Gambie: Quand Barrow acte le reniement

Adama Barrow, président de la Gambie
17 Octobre 2024
analyse

Le Président Adama Barrow qui avait mis un terme au régime du président Yahya Jammeh, à l’issue d’un scrutin plein de rebondissements, vient d’annoncer au State House, sa candidature à la présidentielle de 2026, devant une presse largement en sa faveur.

L’événement de ce 15 Octobre 2024 aurait été d’une simple normalité pour un président sortant, et qui sollicite le suffrage des électeurs gambiens. Sauf que cette décision va donner raison à ceux qui dès le départ, c’est-à-dire à l’élection du Président Barrow en 2021 pour un mandat de 5 ans, avaient dit que la Gambie allait entrer dans « l’ère des mandats à problème ».

En effet, faut-il le rappeler Adama Barrow nouvellement élu, après le départ de Yahya Jammeh sous la poussée de la force de la CEDEAO, avait déclaré son engagement en faveur d’un mandat de transition de 3 ans. Au final il en a fait un d’une durée de 5 ans sans bruit, à part quelques interpellation de la société civile.

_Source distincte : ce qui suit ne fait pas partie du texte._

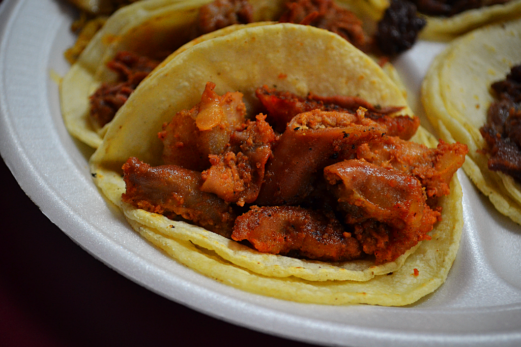 The steady crowds are not surprising; there is much to love about the taco scene at La Fiesta. You’ll usually find nine prepared meats on the menu. Options include carne asada, al pastor, pollo, tripas, lengua, cabeza, carnitas, buche, and chicharrón.
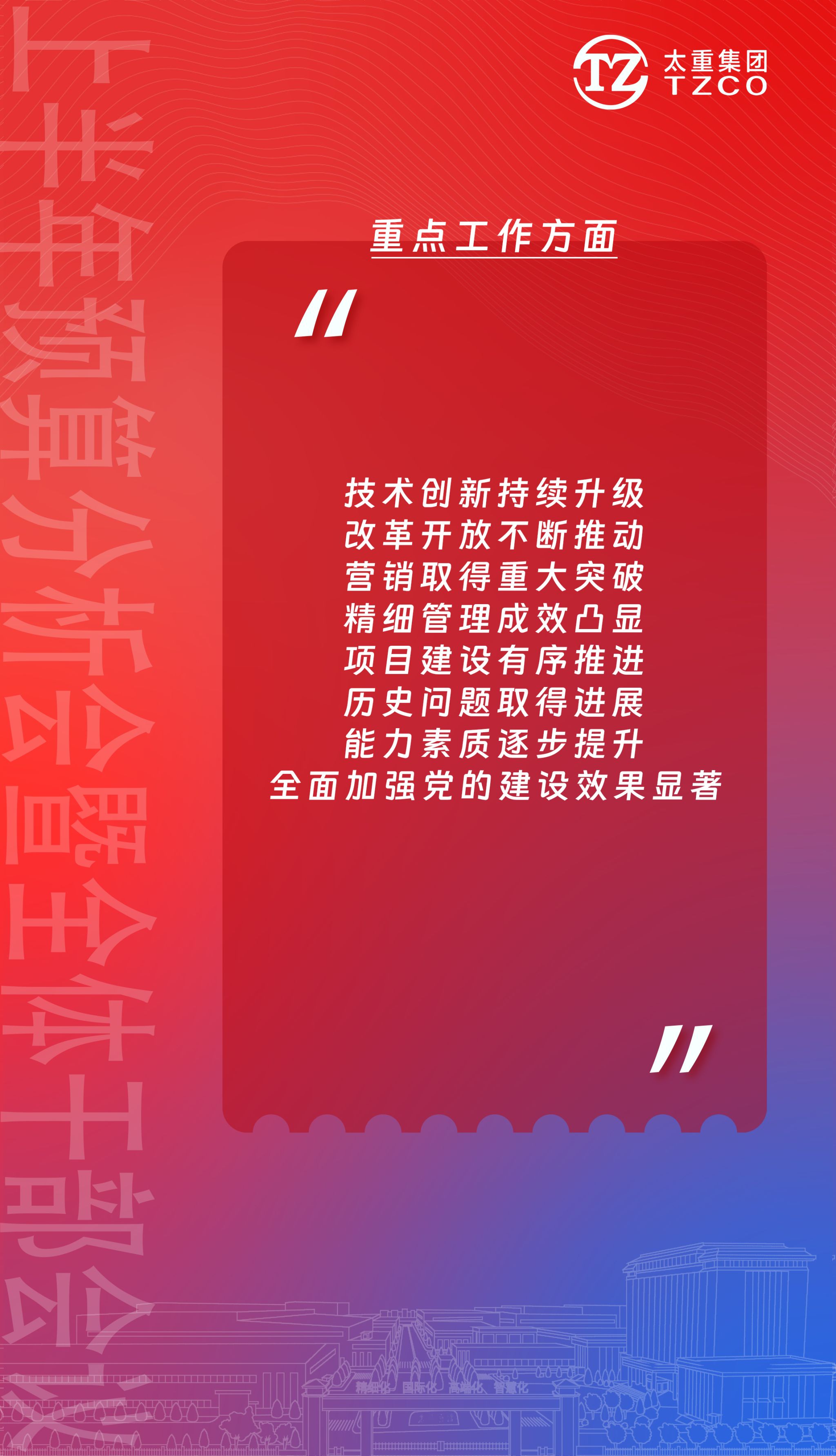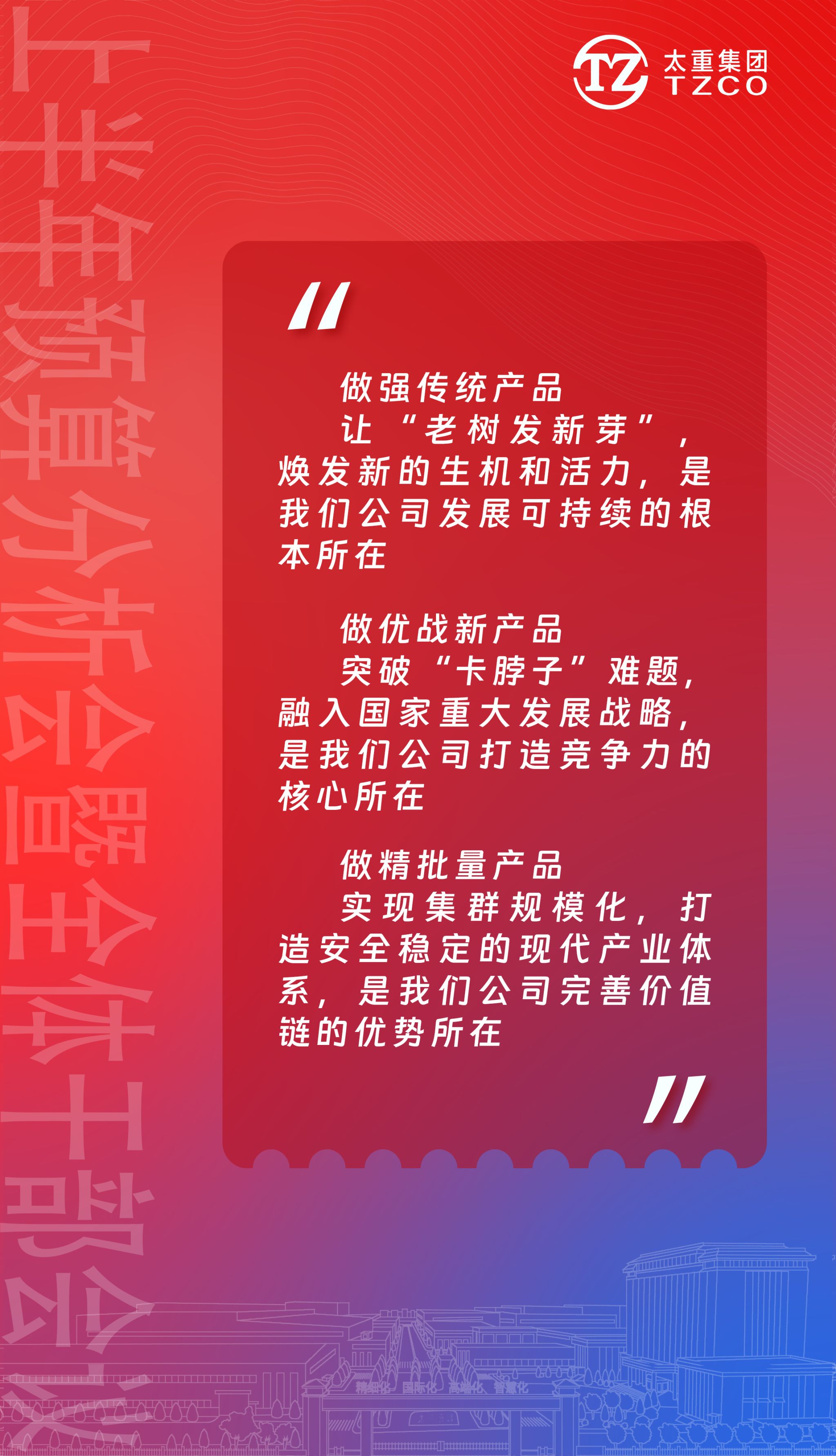 期待不容辜負(fù),使命不容懈??!讓我們上下同欲、團(tuán)結(jié)拼搏,鉚足干勁加油干,積勢蓄能攀新高,共同將太重建設(shè)成為跨越時空、基業(yè)長青、朝氣蓬勃的百年老店!

A moins de deux ans de la fin de son second mandat, certains observateurs et pas des moindres comprennent maintenant pourquoi le projet de nouvelle constitution de Mars 2020, qui devait marquer l’entrée de la Gambie sous la 3ème République n’a pas été voté par le parlement à la majorité des 75% des députés, comme le prévoit la loi, pour son entrée en vigueur. Tout ça pour ça dira-t-on !

Oui en effet, la nouvelle Constitution qui prévoyait une limitation des mandats à deux, dont celui en cours pour le Président Barrow, est resté à quai, ce qui juridiquement inscrit le pouvoir de Barrow sous le régime de la Constitution de 1997 de Yayhya Jammeh qu’on voulait abolir. Ainsi donc, le verrou de la limitation des mandats est devenu sans objet, raison pour laquelle Barrow s’autorise avec emphase à briguer un troisième mandat.

Pourquoi alors avoir mis en place une commission de révision de la constitution, pour en définitive, user d’une majorité à l’Assemblée pour bloquer l’adoption de son texte, faute d’une majorité qualifiée ? C’est inédit, car le texte lui-même à l’époque, a été salué comme consensuel et projetait la Gambie dans le cercle restreint des « nouvelles démocraties ».

Il reste entendu que sur le plan juridique et au regard des textes de la CEDEAO, le président Barrow a encore le temps de procéder à des réformes, si tant est que sa volonté initiale demeure, malgré les appels de ses partisans du NPP à briguer un 3ème, voire un 4ème mandat, car rien ne s’y opposerait alors.

La seule question qui se pose est de savoir quelle sera l’attitude de l’opposition, notamment son principal challenger, Ousainu Darboe de l’UDP (Parti Démocratique Unifié). D’ores et déjà, Ousman Jallow le leader du mouvement progressif de la Gambie, qui par ailleurs a créé un parti politique dénommé parti pour la libération du peuple de Gambie (GPLP), se veut très clair. Il a demandé au président Barrow de suivre les pas de son « ami » Macky Sall, et de « renoncer à un 3ème mandat pour ne pas se trouver sur les routes de l’exil après sa défaite en 2026 ».

La bataille est loin d’être gagnée pour Barrow et ses partisans, si l’on sait que le parti de Darboe (UDP) dont il est un des dissidents avait gagné les dernières élections municipales y compris la capitale sur un score qui en dit long 209 465 voix contre 194 247 voix au niveau national, devant le NPP au pouvoir.

Le président Adama Barrow vient ainsi de poser un acte qui ressemble fort à un reniement. Il fait un pari risqué.